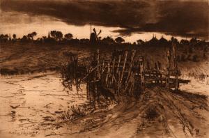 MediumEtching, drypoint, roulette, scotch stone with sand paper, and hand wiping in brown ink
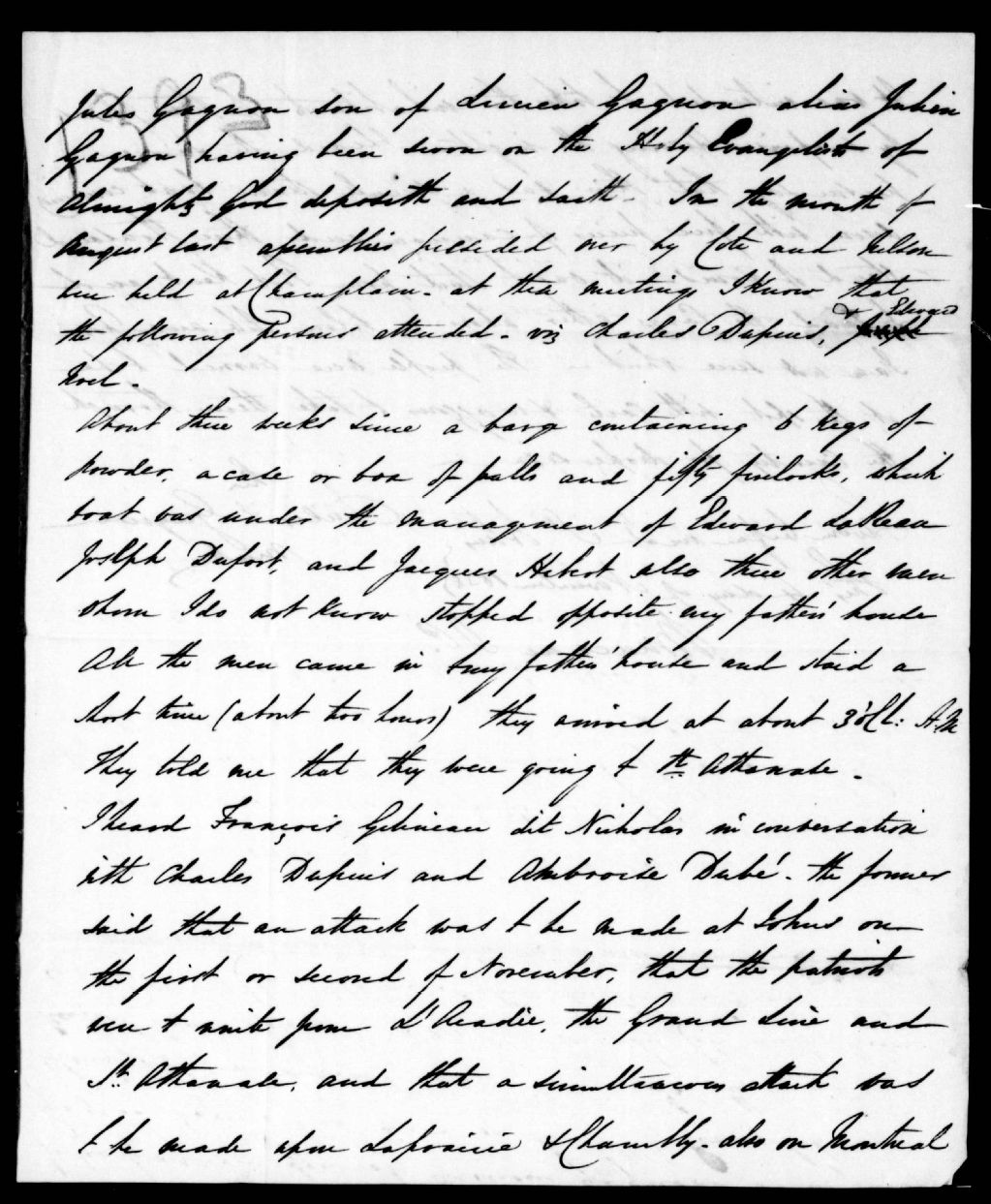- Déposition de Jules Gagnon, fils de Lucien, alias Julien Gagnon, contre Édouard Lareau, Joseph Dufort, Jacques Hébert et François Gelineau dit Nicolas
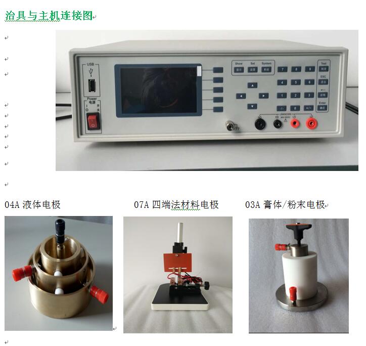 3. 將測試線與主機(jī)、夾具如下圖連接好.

* * *

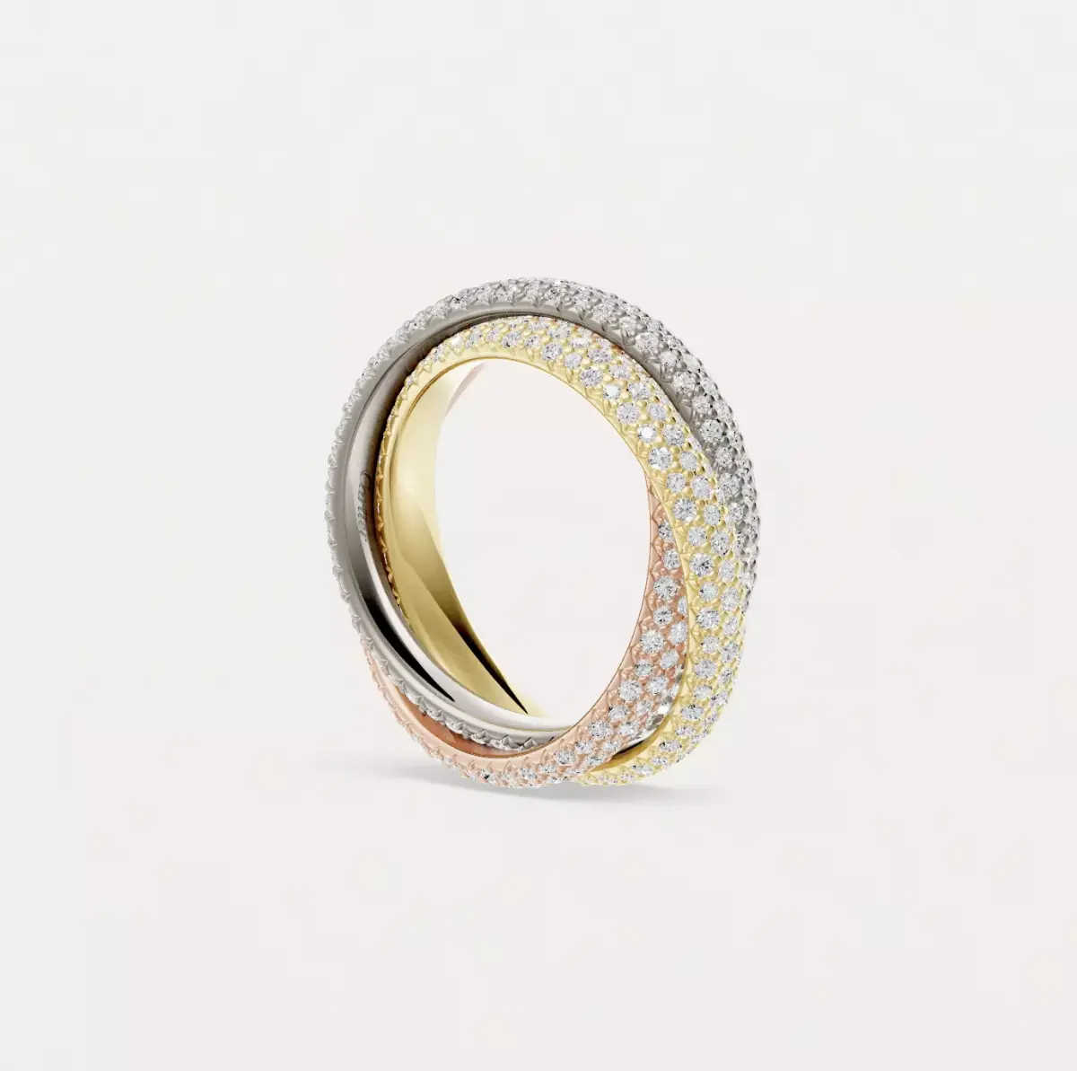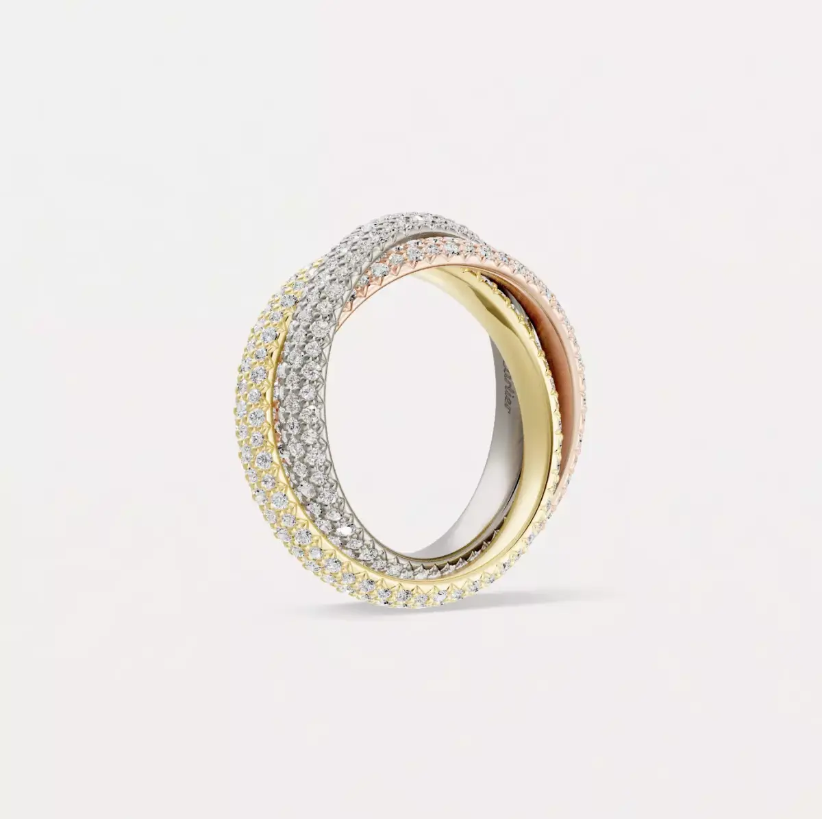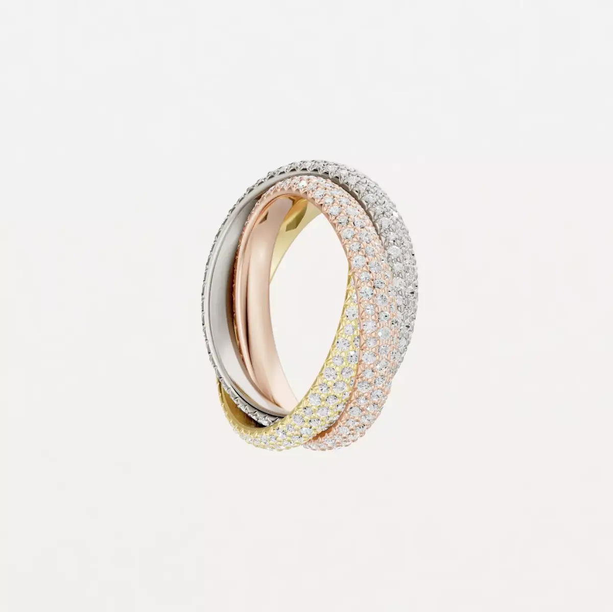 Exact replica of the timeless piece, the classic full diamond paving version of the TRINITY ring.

-- What the task requires --
With the pictures omitted, print the lines above exactly, beginning at the line with "MediumEtching, drypoint, roulette, scotch" and going on through the line with "3. 將測試線與主機(jī)、夾具如下圖連接好.".

-- Result --
 MediumEtching, drypoint, roulette, scotch stone with sand paper, and hand wiping in brown ink
- Déposition de Jules Gagnon, fils de Lucien, alias Julien Gagnon, contre Édouard Lareau, Joseph Dufort, Jacques Hébert et François Gelineau dit Nicolas
 3. 將測試線與主機(jī)、夾具如下圖連接好.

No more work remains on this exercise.